Catatan jurnalistik saya, ini bukan pertama kali Hashim menyinggung soal Kementerian Penerimaan Negara. Oktober lalu, sebelum Kabinet Merah Putih terbentuk, ia sudah mengungkap wacana ini.

Hashim Djojohadikusumo mengungkap Presiden Prabowo Subianto akan membentuk Kementerian Penerimaan Negara yang dipimpin Anggito Abimanyu.

"Jadi itu nanti ditangani oleh Pak Anggito Abimanyu sebagai Menteri Penerimaan Negara yang baru," kata adik Prabowo itu dalam acara Rapimnas Kadin 2024, di Hotel Mulia Jakarta, Minggu (1/12) .

Padahal sampai saat ini, Anggito masih  menjabat Wakil Menteri Keuangan membantu Bendahara Negara Sri Mulyani.

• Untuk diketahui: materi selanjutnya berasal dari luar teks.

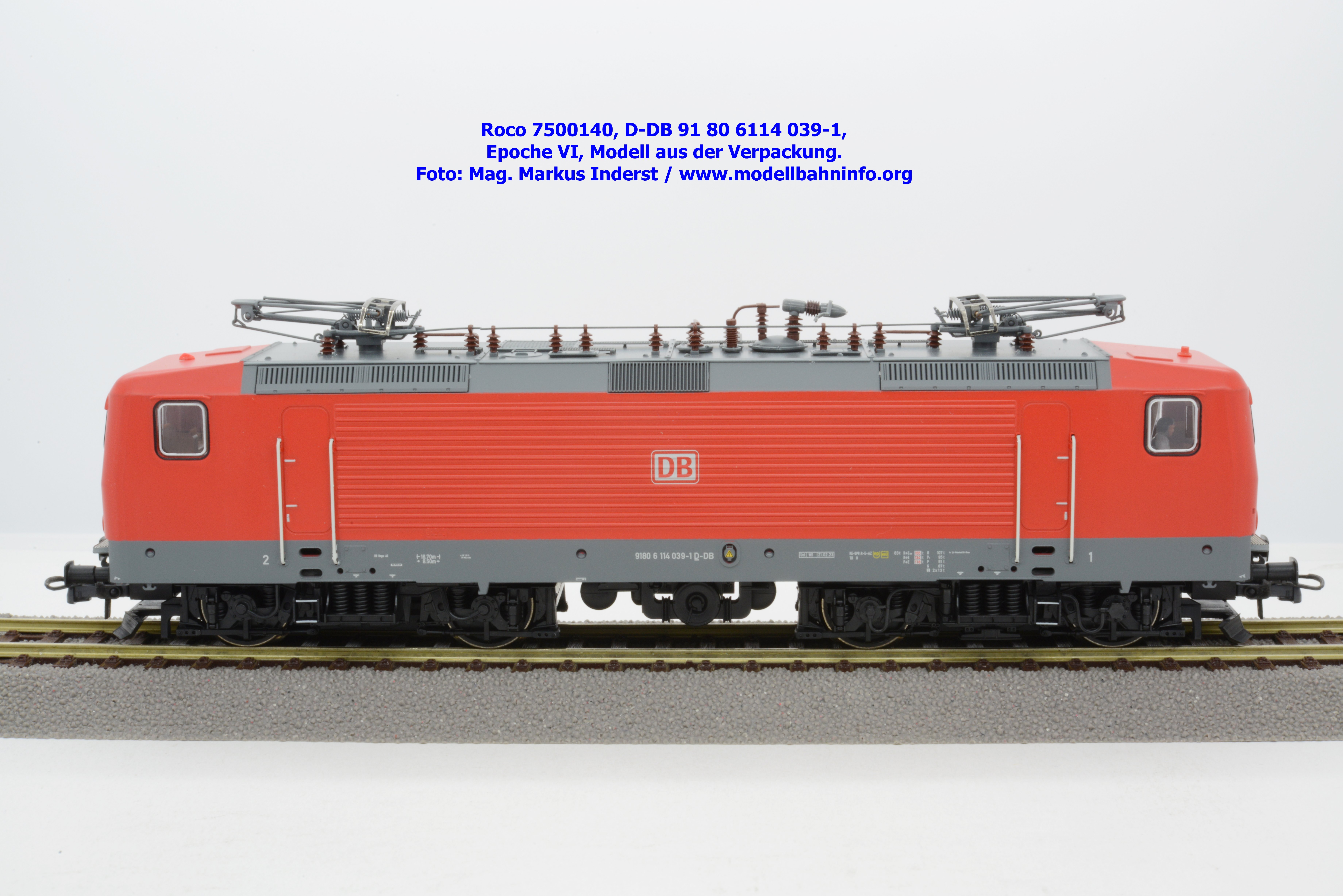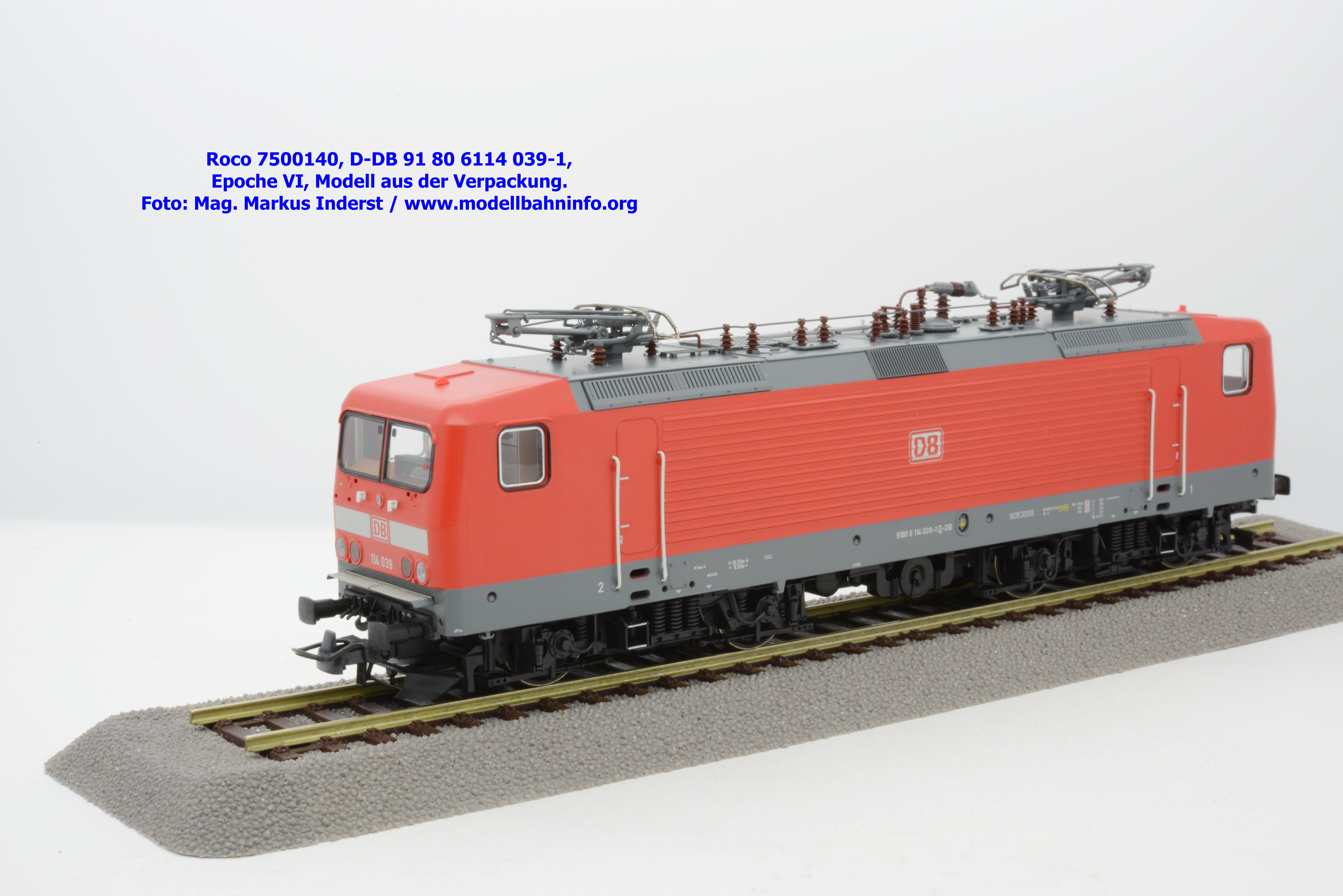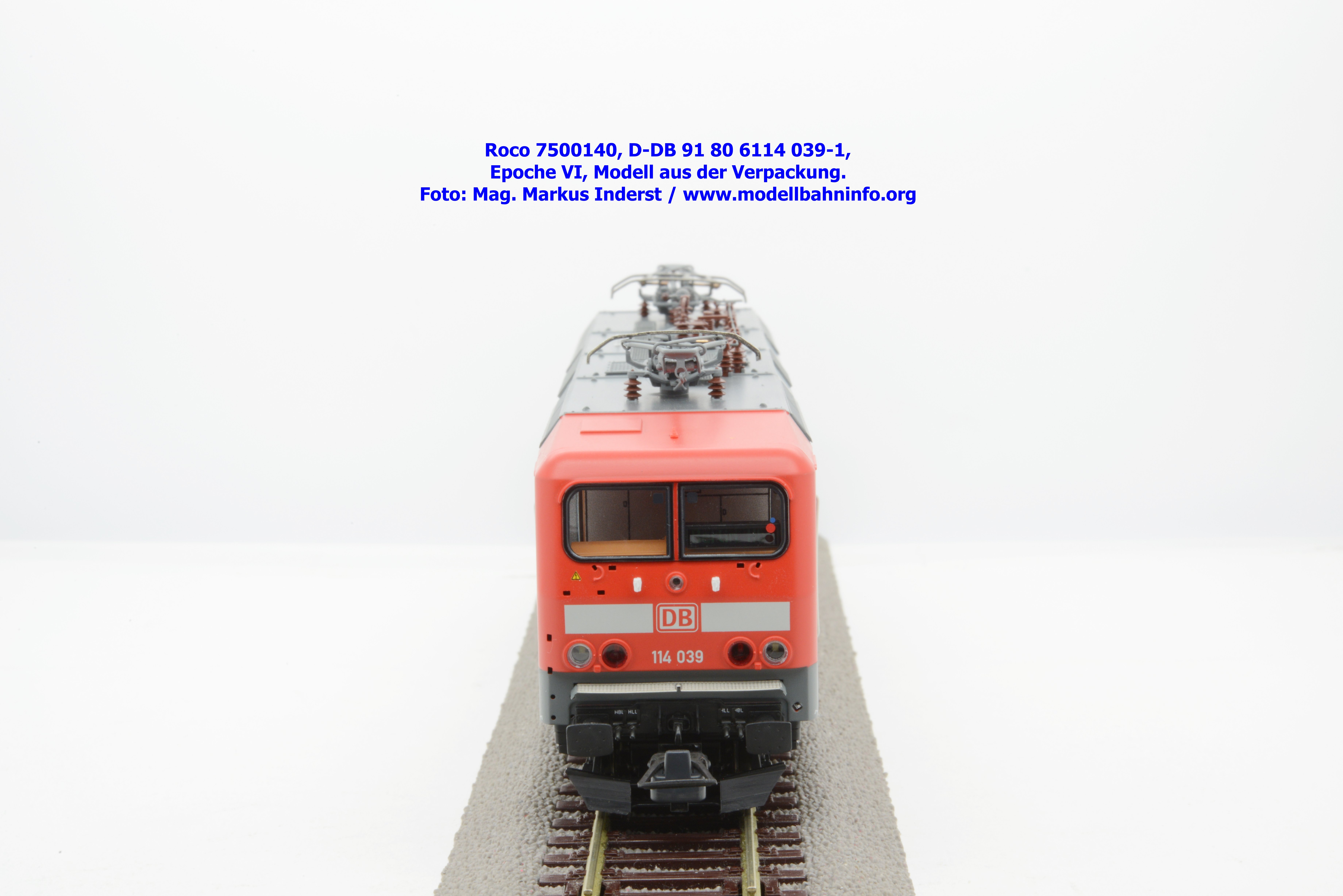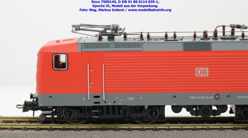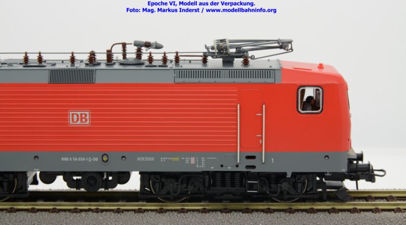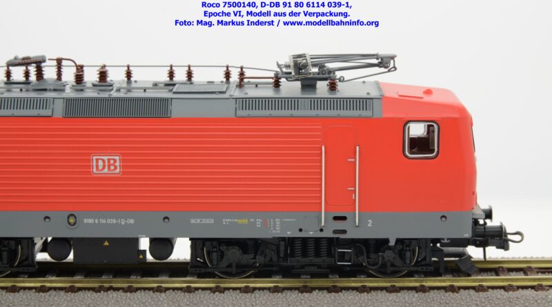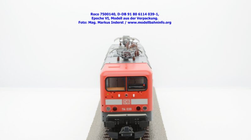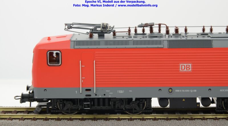 Roco hat in den Jahresneuheiten 2025 eine verkehrsrote Lok der Baureihe 114 mit Epoche VI-Beschriftung angekündigt. Die DB-Lok ist mit der Halterkennung D-DB und der NVR-Nummer 91 80 6114 039-1 bedruckt. Im Revisionsraster stehen die Untersuchungsdaten mit Unt WR 21.02.23. Organisatorisch ist die Lok der DB Regio AG zugewiesen. Die Produktion des Modell geht auf die Überlegung zurück, eine passende Lok für die neuen Doppelstockwagen der DB AG zu haben. Das Modell steht in drei Ausführungen zur Verfügung. Unter der Artikelnummer 7500140 ist die analoge Zweileiter-Gleichstrom-Ausführung verfügbar, die mit einem UVP von € 269,90 belegt ist. Die digitale Zweileiter-Gleichstrom-Ausführung wird unter der Artikelnummer 7510140 zum UVP von € 369,90 geführt, wobei die digitale Dreileiter-Wechselstrom-Ausführung unter der Artikelnummer 7520140 zu haben ist.

Namun, Hashim mengklaim posisi wamenkeu hanya jabatan sementara Anggito.

"Saya kira dia (Anggito) sebagai wakil menteri, itu nanti untuk sementara. Sementara beliau nanti diangkat sebagai Menteri Penerimaan Negara. Jadi ini untuk menangani pajak, menangani cukai, dan menangani revenue atau perlindungan negara berupa royalti dari pertambangan dan lain-lain," tambah Haahim..

Menurutnya, pembentukan kementerian baru ini dilakukan Prabowo sebagai upaya memperbaiki penerimaan negara. Kementerian anyar itu ditugaskan untuk memperbaiki sistem perpajakan, cukai, hingga mengatasi kebocoran-kebocoran anggaran.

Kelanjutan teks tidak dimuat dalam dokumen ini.